Ada masa-masa ketika kita dihadapkan pada pilihan sulit, lebih baik bertahan atau melepaskan? Entah itu dalam hubungan percintaan, persahabatan, atau bahkan pekerjaan, dilema ini selalu terasa berat. Karena keputusan itu bukan hanya soal orang lain tapi juga soal bagaimana kita menilai diri sendiri.
Bertahan seringkali terasa lebih aman. Ada rasa familiar, kenangan yang sudah terlanjur dalam, atau harapan bahwa keadaan akan membaik jika kita terus berusaha. Tapi bertahan juga bisa berarti menahan rasa sakit atau mengorbankan bagian dari diri kita yang sebenarnya ingin bebas.
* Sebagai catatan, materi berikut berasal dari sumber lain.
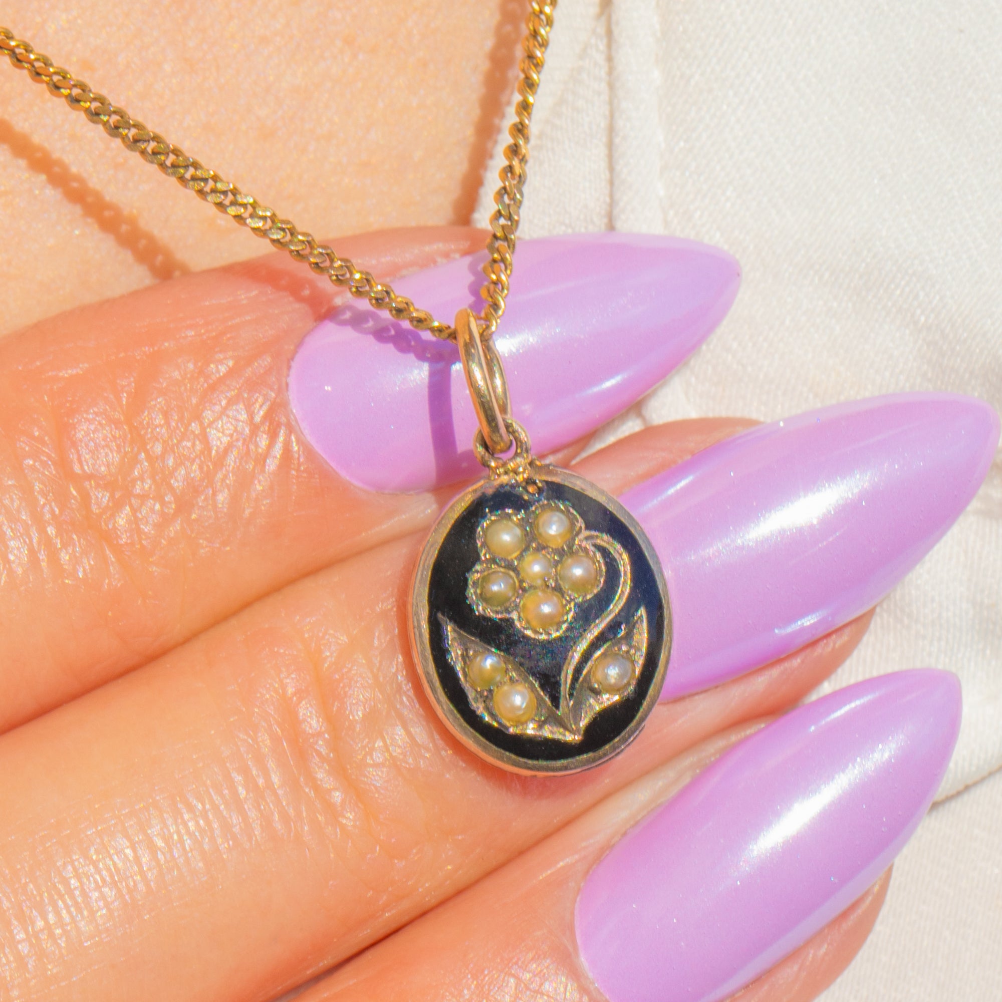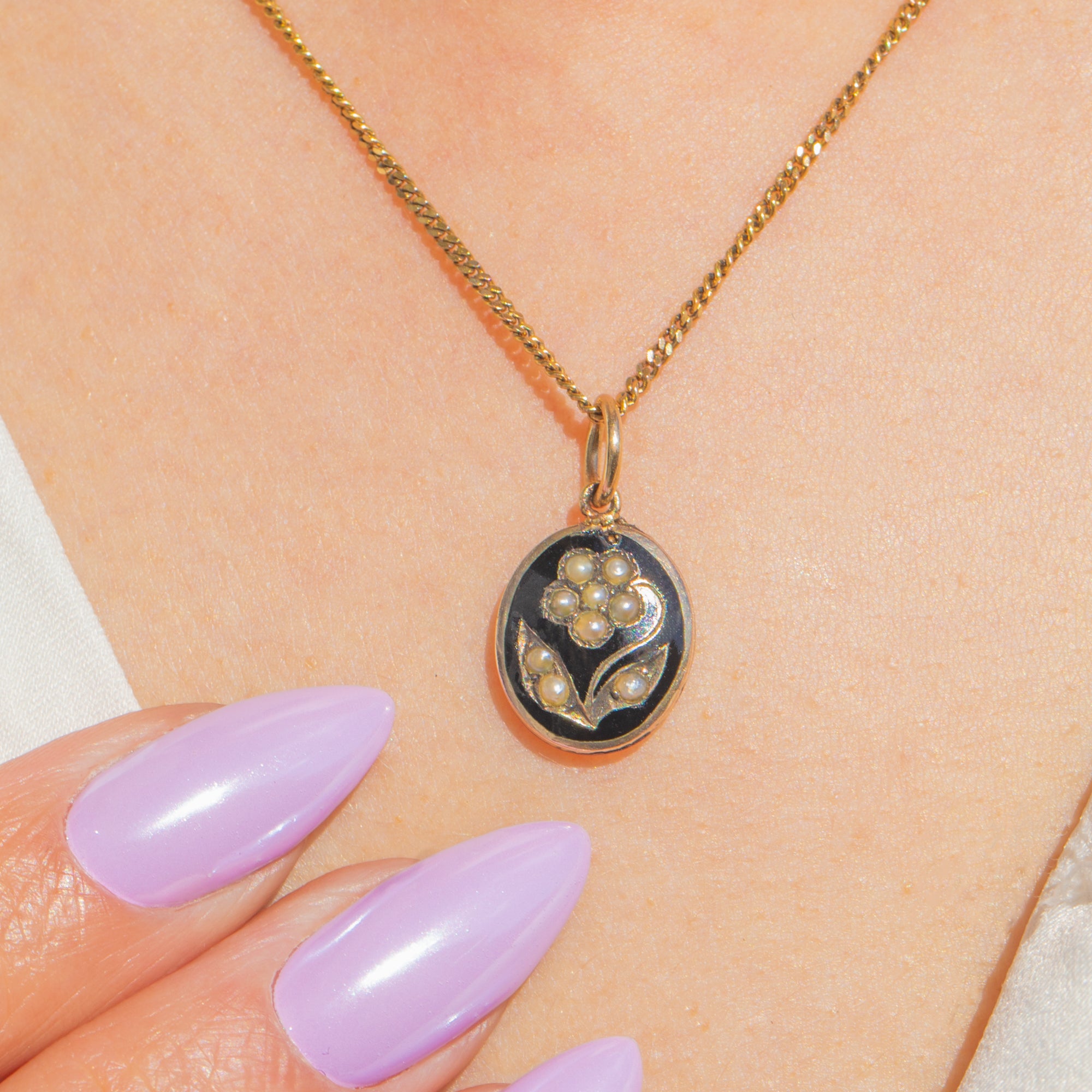 Mit Liebe gefertigt, sind die Saatperlen als kleine Blüte auf glänzendem Emaille arrangiert; die Goldfassung und der schlichte Ösenring vollenden die elegante Medaillon-Silhouette. Ein zeitloses Erinnerungsstück mit bleibendem Victorian Charme.

Di sisi lain, melepaskan tidak kalah menakutkan. Ada rasa takut kehilangan, takut menyesal, atau takut tidak menemukan sesuatu yang lebih baik setelahnya. Melepaskan berarti menghadapi ruang kosong yang sebelumnya diisi oleh hubungan atau kebiasaan yang sudah lama kita jalani.
“Kadang yang bikin berat bukan pilihan bertahan atau melepaskan tapi ketakutan akan kehilangan rasa aman yang sudah kita kenal.”
Lalu, bagaimana kita tahu harus memilih yang mana? Tidak ada jawaban yang benar-benar universal. Tapi satu hal yang pasti bahwa keputusan terbaik biasanya adalah yang tetap memberi ruang bagi diri kita untuk tumbuh. Kalau bertahan membuat kita terjebak, mungkin melepaskan adalah jalan yang lebih sehat. Tapi kalau melepaskan terasa hanya karena emosi sesaat, mungkin bertahan masih layak dicoba.
Pada akhirnya, entah bertahan atau melepaskan, keduanya butuh keberanian. Bertahan butuh usaha untuk memperbaiki, sementara melepaskan butuh keyakinan untuk melangkah.